▶ [Given data]:
┄┄┄┄┄┄┄┄┄┄┄┄┄┄┄┄┄┄┄┄

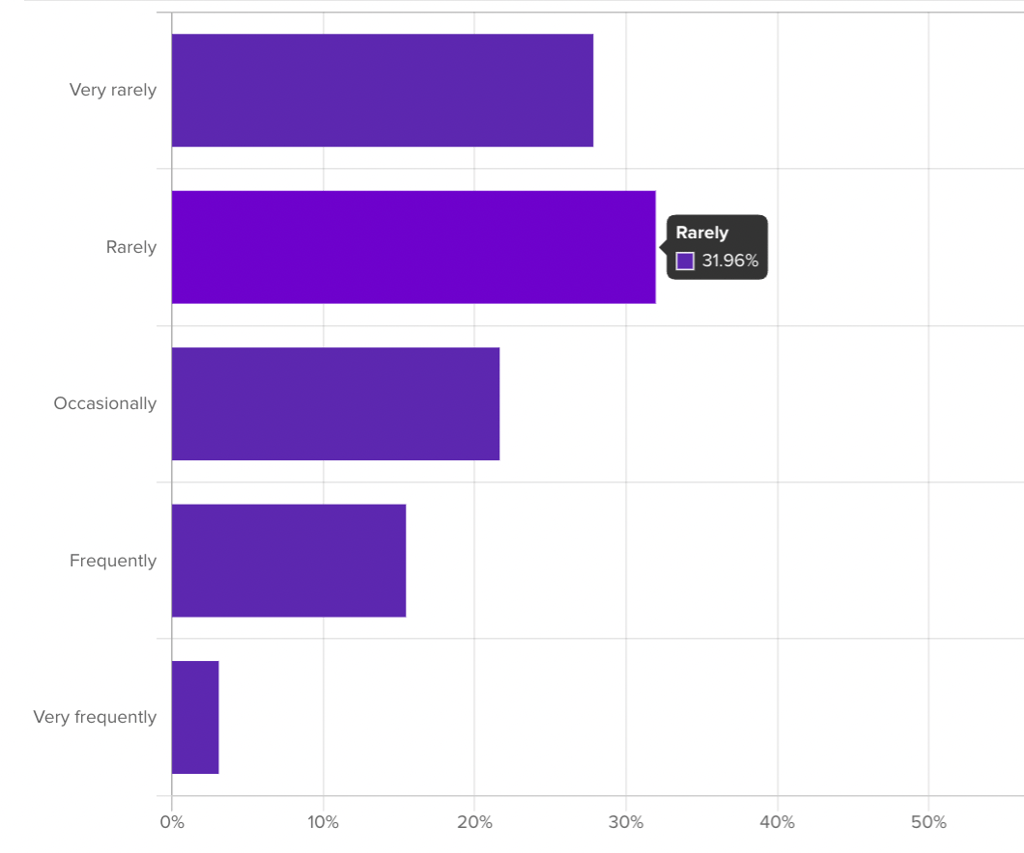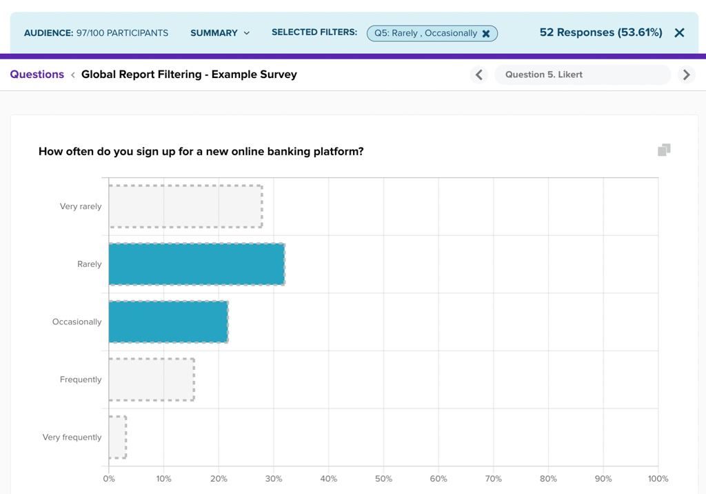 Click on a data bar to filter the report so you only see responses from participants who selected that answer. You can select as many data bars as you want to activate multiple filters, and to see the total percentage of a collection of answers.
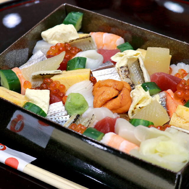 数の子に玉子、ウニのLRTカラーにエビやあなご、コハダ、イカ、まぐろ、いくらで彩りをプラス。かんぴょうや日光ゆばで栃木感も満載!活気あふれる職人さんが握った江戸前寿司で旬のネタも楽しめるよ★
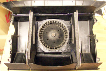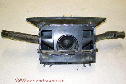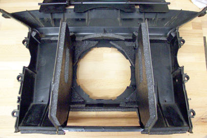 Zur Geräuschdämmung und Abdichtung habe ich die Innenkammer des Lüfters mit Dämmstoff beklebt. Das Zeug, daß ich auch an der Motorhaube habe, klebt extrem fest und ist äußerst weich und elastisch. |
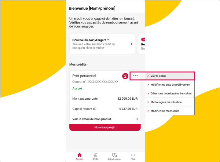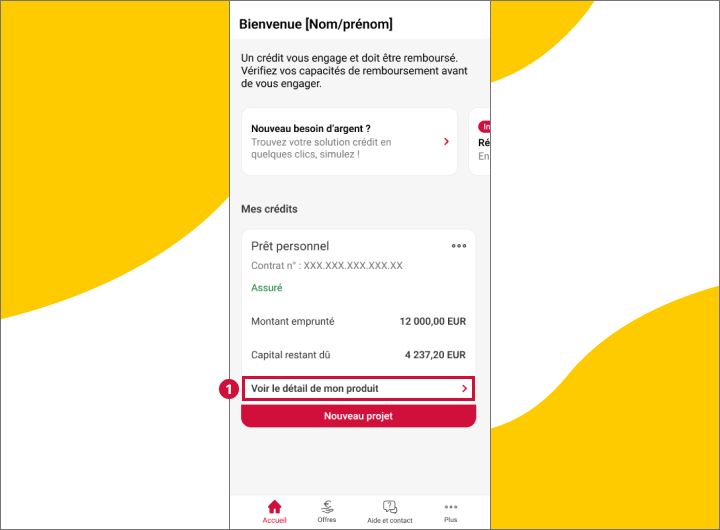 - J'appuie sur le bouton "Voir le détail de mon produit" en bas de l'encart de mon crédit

┄┄┄┄┄┄┄┄┄┄┄┄┄┄┄┄┄┄┄┄

▶ [Instructions for the task]:
What is needed is an exact repeat of only the lines from the one containing "Zur Geräuschdämmung und" through the last line of the listing above, both ends included, without the pictures.

▶ [Worked solution]:
 Zur Geräuschdämmung und Abdichtung habe ich die Innenkammer des Lüfters mit Dämmstoff beklebt. Das Zeug, daß ich auch an der Motorhaube habe, klebt extrem fest und ist äußerst weich und elastisch. |
 - J'appuie sur le bouton "Voir le détail de mon produit" en bas de l'encart de mon crédit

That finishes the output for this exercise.